Irrespective of this self-introduced hiccup I was searching for some RDF types, 
and didn't find yet something which fits well for
 
- Folders: The physical archives consists of folders (which contain sheets of 
paper with affixed articles). Since 
folders are also in broad use in file archives, historical records etc., I 
think about suggesting the bibo guys to introduce a bibo:Folder subclass of 
bibo:Collection. PmPersonFolder, PmCompanyFolder etc. could be smoothly derived 
from such a superclass. 
 
- Pages: I'm sure that somebody has coined a RDF type for pages, but wasn't 
able to figure out where. I assume you had a similar problem at 
chroniclingamerica.gov (even though a whole newspaper page is not exactly the 
same as (a part of) an article glued onto a sheet of paper).
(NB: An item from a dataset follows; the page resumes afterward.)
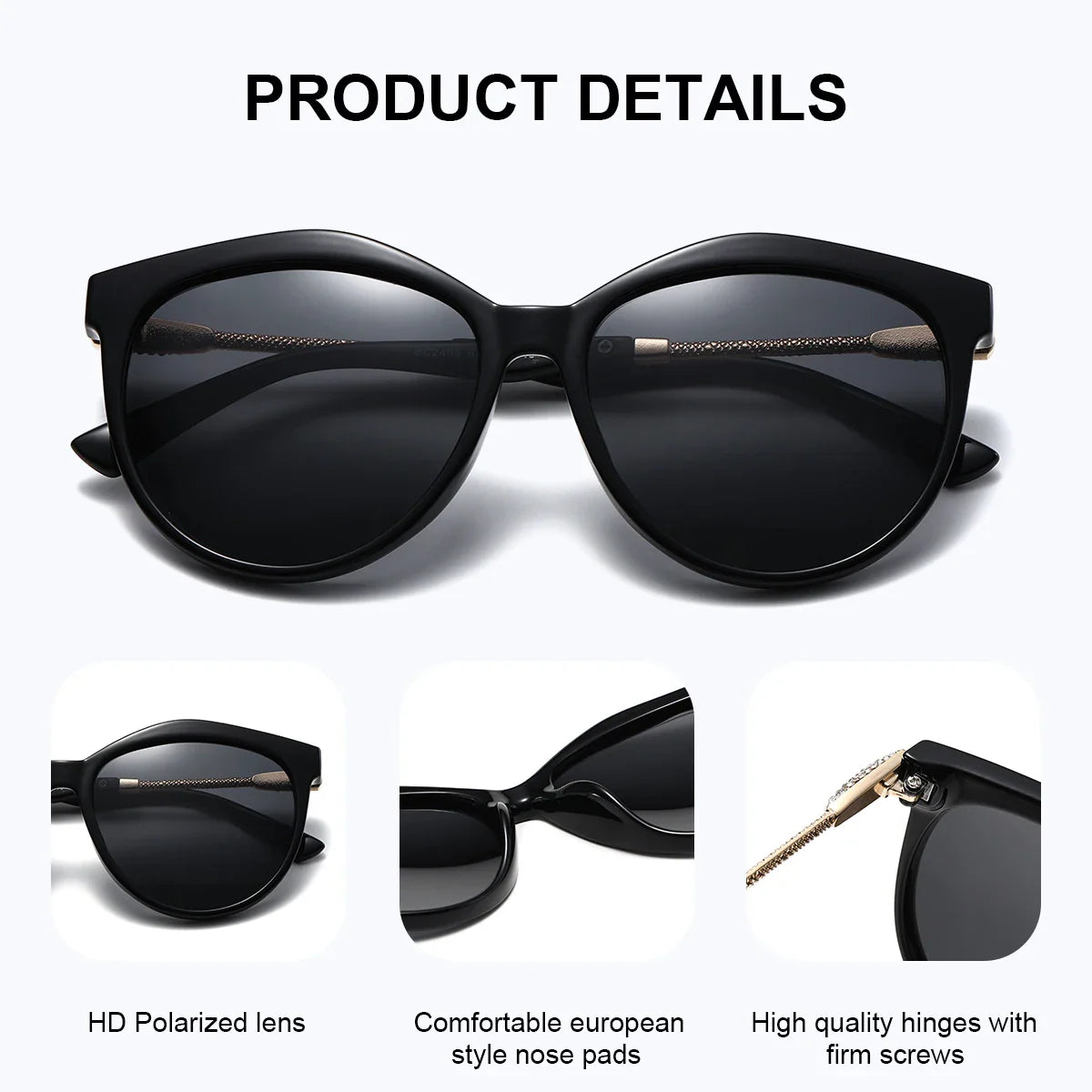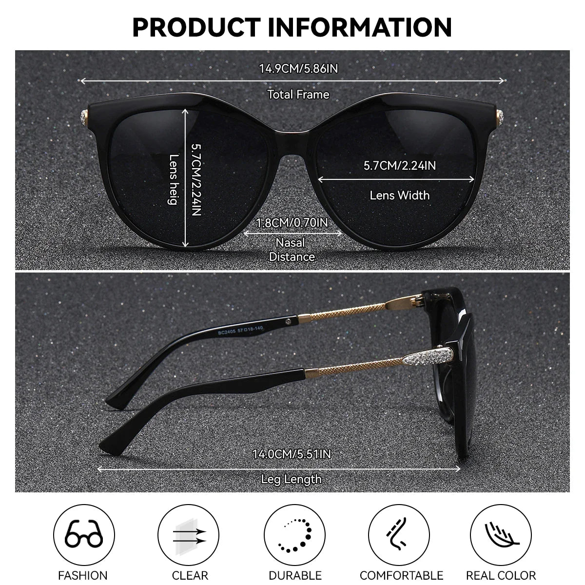 - FASHIONABLE CAT EYE ROUND FRAME FOR TRENDY LOOKS: Combining retro charm with modern elegance, these sunglasses feature a bold cat eye silhouette blended with a perfectly balanced round lens design. The ultra-lightweight polycarbonate frame ensures maximum comfort for long wear, while delivering a fashionable flair ideal for stylish women on the go.

How did you solve 
it?
 
The dct:subject links to DNB authority file are quite preliminary, and I will 
gladly substitute them when DNB publishes it's LOD version of the authority 
files. 
 
Of cause it's OK for you to experiment also with the JPEGs (which have been on 
the web for years already). Without them, it's only half of the fun ;) We have 
not figured out, however, under which license conditions this data could be 
re-used. German law ("Urheberrecht") requires an OK by the original author or 
her legal heirs until 70 years after her death. This is almost impossible for 
most of the newspaper articles (which often were published without any 
denomination of an author at all). So I'm not sure which kind of license could 
be granted to a third party, and lack of legal security may even prohibit the 
replication of the JPEGs in a LOCKSS scenario. If however the data could be 
usefull for demonstrating what can be achieved with ORE harvesting, I would be 
really happy.
 
Thanks again for all your comments, encouragement, and - most exciting - using 
the data. That's the idea of the tribe and the whole linked data community!
 
Cheers, Joachim

________________________________

Von: oai-...@googlegroups.com im Auftrag von Ed Summers
Gesendet: Mo 28.12.2009 19:29
An: pedantic-...@googlegroups.com
Cc: public-lod@w3.org; oai-...@googlegroups.com
Betreff: Re: [pedantic-web] ANN: 20th Century Press Archives as ORE / Linked 
Data application - Technical Preview

On Mon, Dec 28, 2009 at 8:07 AM, Neubert Joachim <j.neub...@zbw.eu> wrote:
> Please feel invited to take a look at it - we would highly appreciate any
> feedback about our approach.

Thanks for announcing this Joachim. It is great to see more linked
data as rdfa getting out on the web. I'm particularly excited because
of your use of the oai-ore vocabulary to make historic newspaper
archives available, since we are doing something similar at the
Library of Congress [1].

You must've done something right because I just wrote a little naive
crawler [2] in a matter of minutes to pull down what looks like all
the rdfa you've put out there so far. It seem to have collected about
11,427 triples [3]. My rdfsum unix command line hack [4] came up with
these rdf:type counts:

   1533 <http://www.openarchives.org/ore/terms/AggregatedResource>
    526 <http://www.openarchives.org/ore/terms/ResourceMap>
    526 <http://www.openarchives.org/ore/terms/Aggregation>
    336 <http://zbw.eu/namespaces/skos-extensions/PmPage>
    185 <http://purl.org/ontology/bibo/Article>
      2 <http://zbw.eu/namespaces/skos-extensions/PmPersonFolder>
      2 <http://zbw.eu/namespaces/skos-extensions/PmCollection>

Does that sound about right for this initial release?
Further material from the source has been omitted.